Correctional education: bourgeois ideals and sexual connotations


Sarah B. was sent to reform school by court order in August 1912 because she had been stigmatized as “morally corrupted,” in particular, youth welfare officers accused her of being “very sexually mature,” of lying and refusing to work, in other words, her behavior went against the grain of bourgeois morality. Moreover, her mother, Tanja B., who belonged to the working class, had entered into a relationship with a man from a bourgeois middle-class background who had a “legitimate” family. The source does not provide any information on whether he was already married when Tanja B. had a relationship with him or whether he married only after it had ended. What does become clear, however, is that Sarah became a pawn in her parents’ power struggle. As a Jewish girl, she was sent to the reform school in Plötzensee founded in 1902 by the German Israelite Community Association (DIGB)  Deutsch-Israelitischer Gemeindebund, since denominational separation of correctional education had been ordered by the Prussian state. While Jewish institutions had to obey the general law, they also tried to reinforce the religious identity of their Jewish charges since some girls had strayed quite far from Judaism. Friday evenings and Jewish holidays were celebrated, the Shabbat was observed, and students attended synagogue. Naturally the food was kosher so that a stay at a Jewish institution was more expensive than at a non-Jewish one. So-called “Honorable Ladies” [Ehrendamen], i. e. the wives of the DIGB board members, volunteered to give religious instruction and hand out presents, especially for Hanukkah, as an expression of bourgeois charity. Very few professions were open to reform school youth, and the DIGB took charge of finding suitable placements for them in Jewish families or businesses. Behind this was the idea to keep them in the care of the Jewish community. However, due to the need for domestic servants in Jewish middle-class society, young girls often also served as cheap labor. The gender specific character of correctional education became particularly evident in the area of professional training. Regardless of the danger of sexual exploitation – which the girls were supposed to be protected from, after all – they were very often sent to work as domestic servants. In some cases, the attempt at dissimilation succeeded while other youths rejected it and instead hoped to integrate into mainstream society through marriage with a non-Jew.

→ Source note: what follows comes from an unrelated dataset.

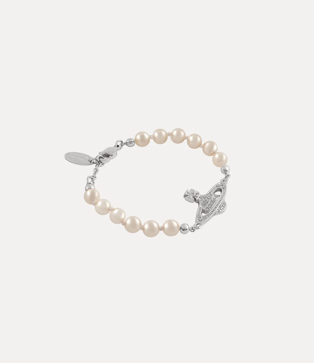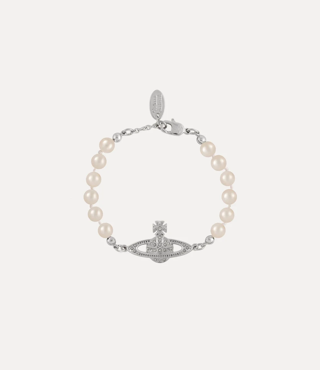 Las perlas son un elemento clave en la imaginería de la casa, ya que simbolizan el lujo y la rebeldía. La pulsera Mini Bas Relief Pearl presenta una fila de perlas de cristal, adornadas con un motivo de esfera con incrustaciones de cristal en el centro del diseño, sinónimo de la visión de Vivienne de llevar la tradición hacia el futuro.

Correctional education against opposition


Some Jewish parents did not oppose the order for correctional education and even voluntarily surrendered their children to an institution. This was especially the case if children did not meet their parents’ expectations and had attracted negative attention by stealing or associating with “bad company.” This was not the case with Tanja B. She and her daughter were very close – at least that was the assessment of the DIGB’s reform school board. Presumably, this was one reason why both mother and daughter refused the order for correctional education. The mother’s appeal was unsuccessful, however, therefore she accused the father of having manipulated the files. The conflict between the parents was not just a confrontation between mother and father, man and woman, but also between members of two different social classes since this was a middle-class father who had illegitimate children with a working class woman. Sarah had a younger brother named Jacob, who at least at this point was not sent to reform school because he had not shown any deviant behavior. This certainly was a question of age as well, so that Jacob was allowed to stay with his mother.

The mother saw herself as a victim of Sarah’s father, whose social position enabled him to exert his influence. However, the father hardly appears at all in the file. Except for his last name and profession there is no information on him whatsoever. It does appear that he was either concerned about his daughter’s welfare or his reputation though, since he tried to remove Sarah from her mother’s custody.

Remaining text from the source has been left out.